Now in order to approximate KwK 36 recoil let us check KwK 42 recoil against the above figures using the recoil velocity formula V = ( b*v + c*p ) / W from http://kwk.us/recoil.html
where b is the bullet's [projectile] weight, v the muzzle velocity, c the charge weight, p the average velocity of the escaping propellant gases, and W is the rifle's [gun’s recoiling parts’] weight, using 4700 fps or ca. 1433 m/s for p.
V,42 = (6,8 x 925 + 4,0 x 1433) / 1000 ≈ 12 m/s
Recoil force in kg: R = (1/2*W*V^2)/(g*s) where s = recoil length
R,42 = (0,5 x 1000 x 12^2)/(9,80655 x 0,4) ≈ 18 355 kg ≈ 18 tons; Seems like a good ballpark formula.
Checking against Rheinmetall-Borsig's BK 5 Datenblatt at http://www.deutscheluftwaffe.com/archiv ... 5%20cm.pdf
V,BK5 = (1,52 x 965 + 0,83 x 1433) / 259 ≈ 10,3 m/s
R,BK5 = (0,5 x 259 x 10,3^2)/(9,80655 x 0,285) ≈ 4 916 kg.
Given the high mv and massive muzzle brake let us assume a 40% recoil reduction
R,BK5,MB = 0,6 * 4916 ≈ 2950 kg which is close to the 3000 kg RMB figure.
Even with 1/3 recoil reduction as with KwK 44 muzzle brake the figure would be ca. 3280 kg; The formula appears to again give adequate approximations.
Now for KwK 36:
V,36 = (10,2 x 773 + 2,5 x 1433) / 1330 ≈ 8,62 m/s
R,36 = (0,5 x 1330 x 8,62^2)/(9,80655 x 0,55) ≈ 9 160 kg; A figure appreciably lower than KwK 42 without (or with) muzzle brake.
How about with the same recoil length as KwK 42:
R,36,0,4 = (0,55/0,4) x 9160 kg ≈ 12 600 kg Thus a muzzle-brakeless KwK 36 with KwK 42 recoil length would have similar recoil force as KwK 42 with muzzle brake.
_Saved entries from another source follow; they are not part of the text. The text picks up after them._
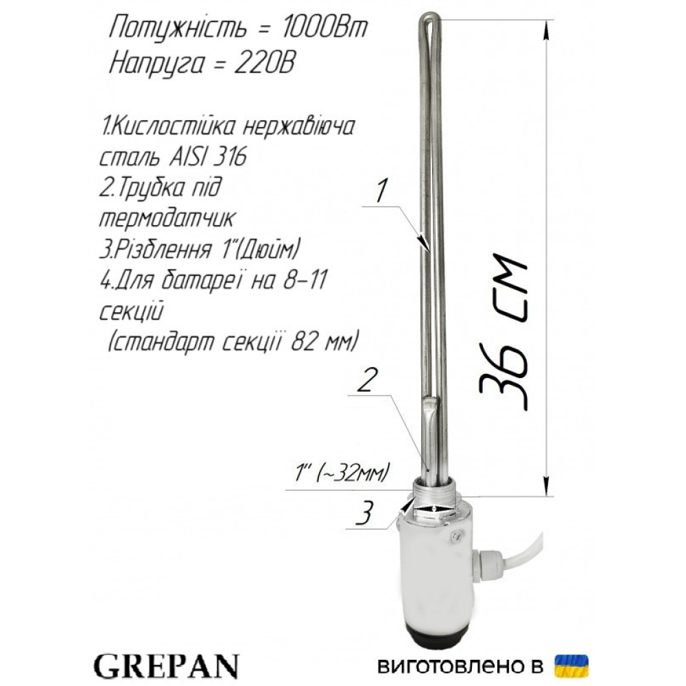 Защита от скачков напряженияРаботает от 110В до 240ВХарактеристики:Напряжение, В: 220Мощность, кВт: 2,0Материал оболочки: Нержавейка, AISI 314Наполнитель ТЭНа: перик..
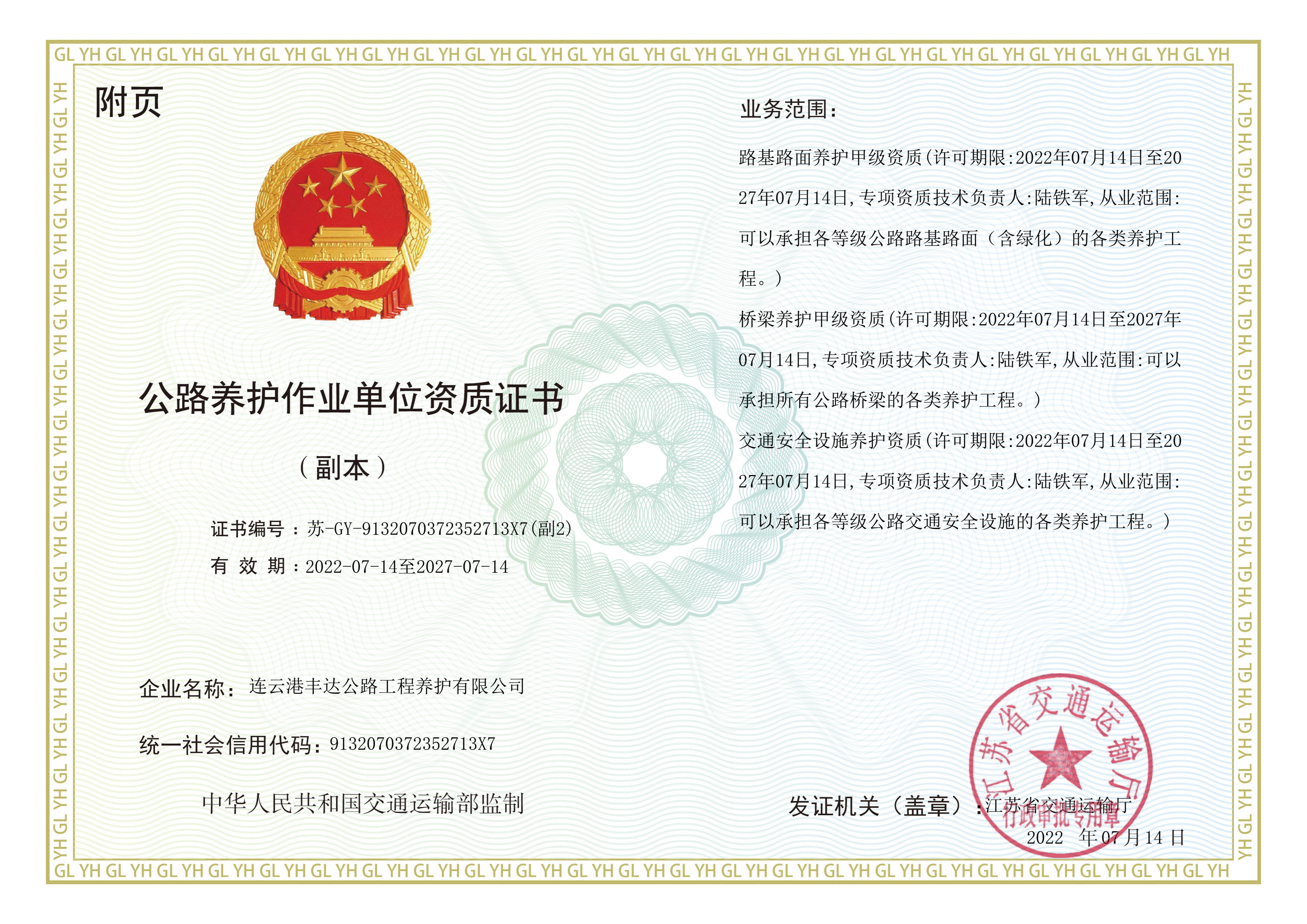 豐達(dá)公司公路養(yǎng)護作業(yè)單位路基路面甲級、橋梁甲級、 交通安全設(shè)施資質(zhì)申報成功
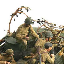 tankist, По листикам могу присоветовать простое: чуток каждый пинцетом помять (ну надо, а то они прямые как правда). А потом маслицем с тоном, чутка отличающимся от базового зеленого, пройтись кисточкой. В идеале несколько тонов, вплоть до ржы. Дуб - дерево крепкое, листья могет даже на зиму не сбрасывать, только ржавеют они от морозов, так что могли маскировочных кустов наломать с такими "ветеранами". Монотонность и уберется.
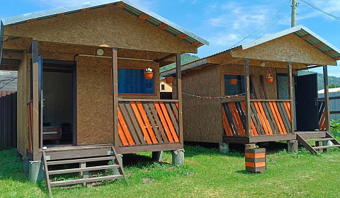 Для проживания предоставляем 3-хместные гостевые домики. Имеются домики без удобств (теплый душ и туалет на территории), а также благоустроенный домик (санузел у домике)

Given the Tiger’s extra weight and large turret ring a muzzle brake appears to have been less vital.
Add a muzzle brake: Let us assume just a 25% recoil reduction due to the lower mv;
In a Tiger E:
R,36,MB = 0,75 x 9160 = 6 870 kg, ca. 58% of KwK 42 recoil.
With KwK 42 recoil length:
R,36,0,4,MB = 0,75 x 12 600 ≈ 9 450 kg, ca. 80% of KwK 42 recoil.
In short KwK 36 compared to a KwK 42 had an almost as good penetration, greater after armour effects, better HE performance, longer barrel life, lighter recoil and probably lower lifetime costs. Despite the KwK 36 being a better general purpose gun the Germans complicated logistics by using the KwK 42 in the Panther. Despite the heavy recoil they also tried to shoehorn KwK 42 in StuG III, Pz. & StuG IV etc. Still sane fringe occasionally prevailed and the Tiger with KwK 42 came to nothing much more than a mock-up.